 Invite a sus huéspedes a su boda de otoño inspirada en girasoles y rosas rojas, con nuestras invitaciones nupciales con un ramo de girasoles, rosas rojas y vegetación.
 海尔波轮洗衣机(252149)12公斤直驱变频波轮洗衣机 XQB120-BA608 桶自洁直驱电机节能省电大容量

━━━━━━━━━━━━━━━━━━━━

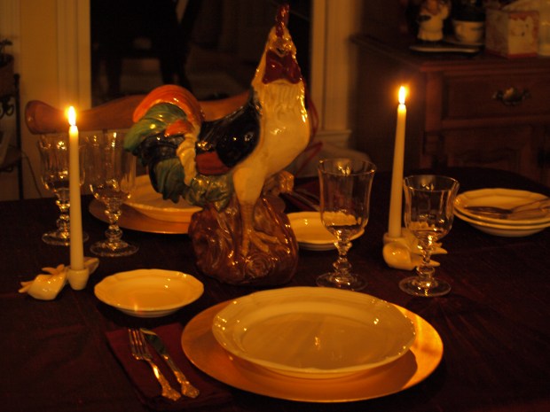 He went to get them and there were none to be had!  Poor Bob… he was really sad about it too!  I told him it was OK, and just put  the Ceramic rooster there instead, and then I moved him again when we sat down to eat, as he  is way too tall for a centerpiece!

━━━━━━━━━━━━━━━━━━━━

• PROBLEM
Set down exactly the lines of the data above, beginning with the line that has "Invite a sus" and ending with the line that has "海尔波轮洗衣机(252149)12公斤直驱变频波轮洗衣机 XQB120-BA608 桶自洁直驱电机节能省电大容量", and no others.

• SOLUTION
 Invite a sus huéspedes a su boda de otoño inspirada en girasoles y rosas rojas, con nuestras invitaciones nupciales con un ramo de girasoles, rosas rojas y vegetación.
 海尔波轮洗衣机(252149)12公斤直驱变频波轮洗衣机 XQB120-BA608 桶自洁直驱电机节能省电大容量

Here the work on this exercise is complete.